We didn’t really set a timeline or anything. I never asked him about when it would be and he never said anything about timing. 

The first time we talked about it was pretty early. He made an offhand comment within months of meeting me about a future together, and then within a year or so was saying things occasionally like “at our wedding, we should have rock band cake toppers” but there was never a formal conversation with a timeline.

Probably by 1.5 years I responded to one of those with “do you really see a future with me” or “so you wanna marry me, huh?” and he was like “welllll duhhhh” but I don’t remember when exactly. 

So he made his intentions known, and I was happy about it, but the subject was dropped for a year or so. It came up once around 2.5 years, when we agreed for serious that the relationship was marriage bound, though we didn’t have the resources to act on it at that time. It was dropped again and came up one more time around a year later about two months before he actually did it.
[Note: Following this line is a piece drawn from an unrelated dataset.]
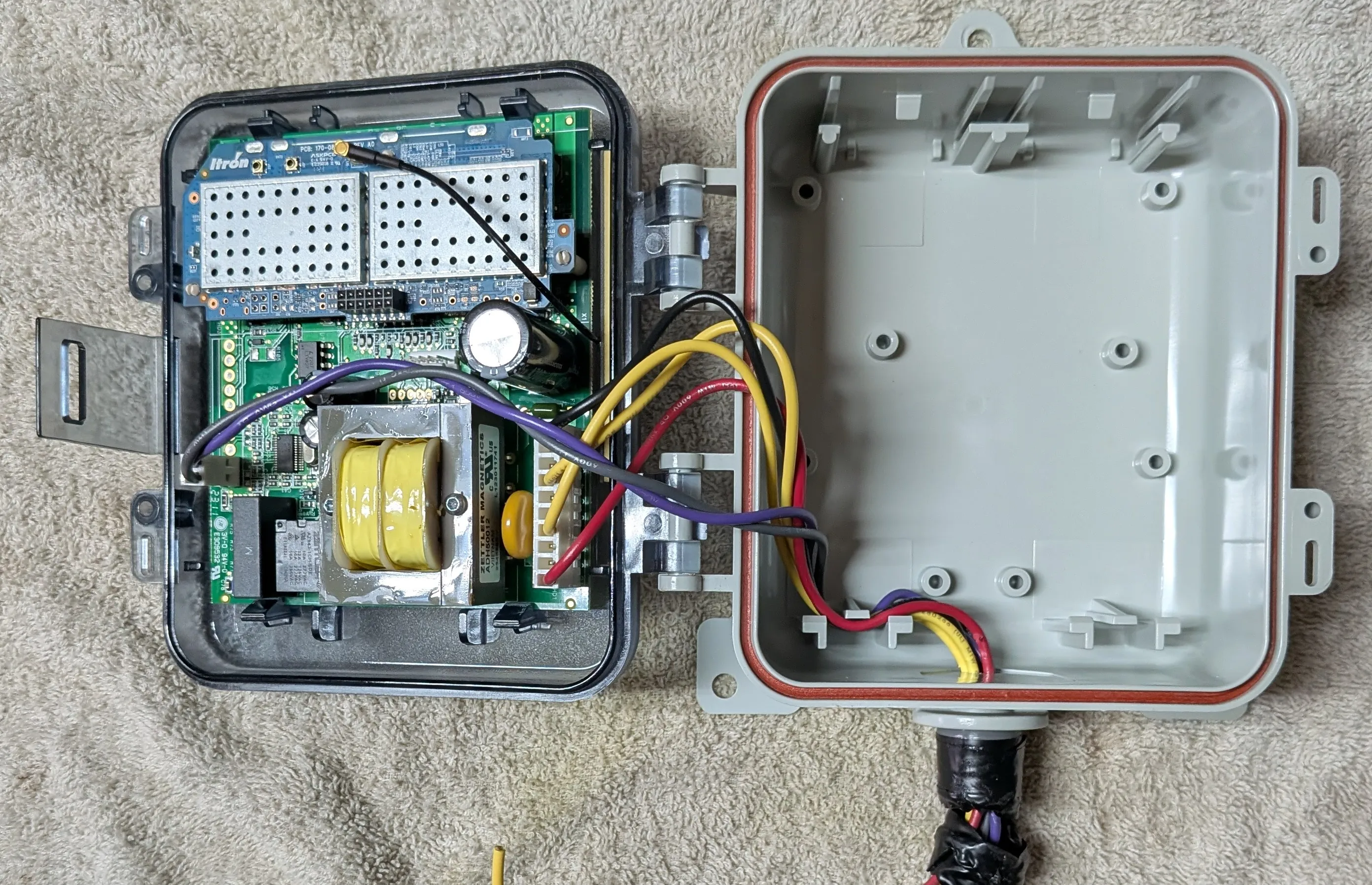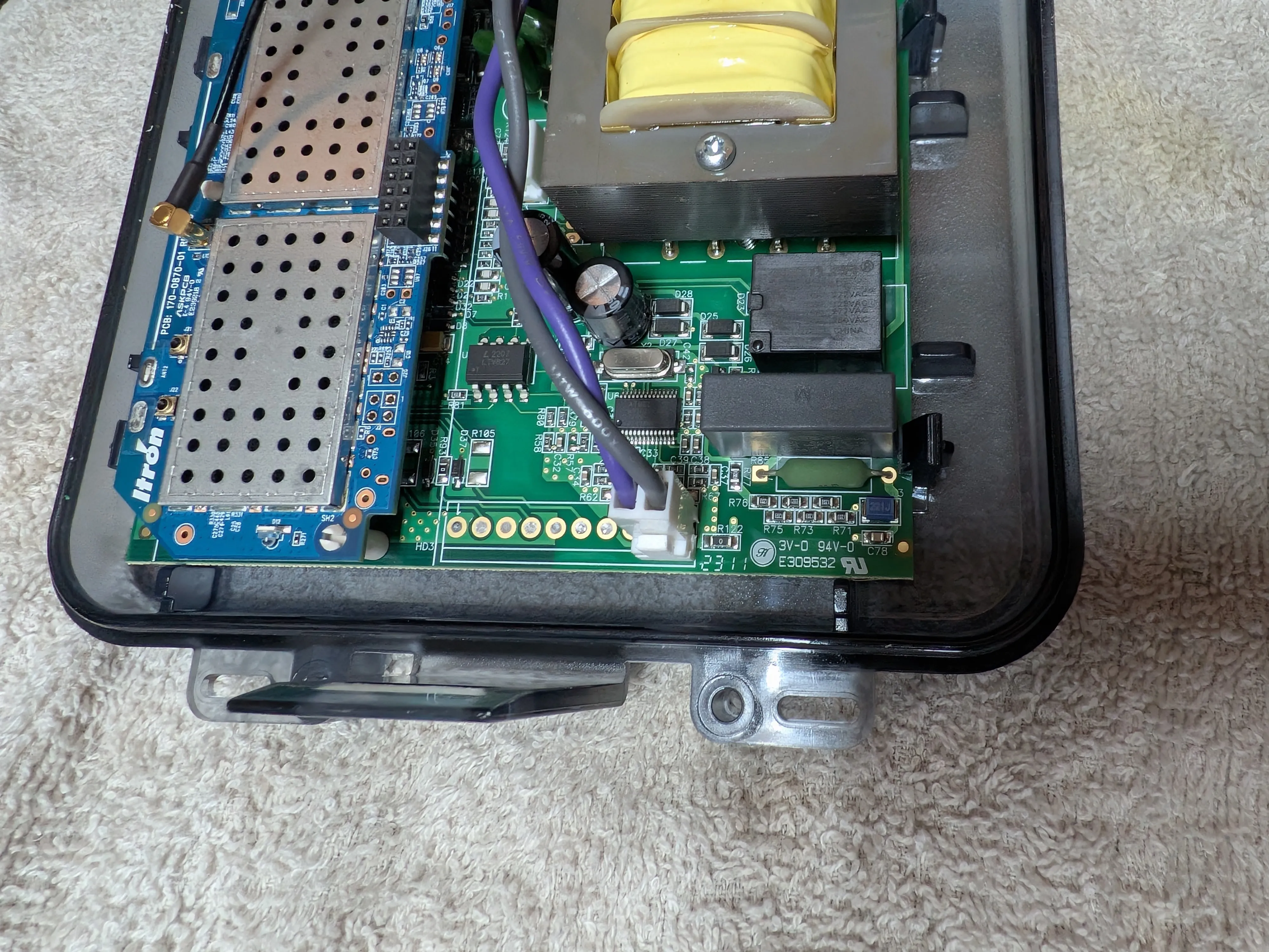 As you might expect from a single purpose device, the internals are pretty straightforward. There is a modem/radio side to communicate with the utility, and a power switching side to understand and control the load.

At the time when he finally put things in motion, we’d both been working at new jobs and were more secure, with enough disposable income to save up and go on a vacation abroad together. To my knowledge, he knew what he wanted with me pretty early on, before I even did, and was just waiting until the resources were there to impress me when he actually asked. He didn’t have any benchmarks other than the ability to set up an awesome proposal.

We’re also by a LONG shot the first of our friends and age-similar family members to get married. None of his friends are even in serious relationships and only a couple of mine are. I suspect it’ll be at least a couple years before we start getting wedding invites from others. Don’t fault him for not being ready so early in life, my FH is just a weirdo, I think. ;D

Post # 79
Member
612 posts
Busy bee
  • Wedding: February 2018

we didnt have a ‘timeline’ mind you, we got engaged pretty quick

[ 4 months ]

we’ve now been together for 5 years in September

Post # 80
Member
133 posts
Blushing bee

@everythingwasgold:  you are the exact same as me!

Me and OH have been dating since sixteen – I am nearly nineteen.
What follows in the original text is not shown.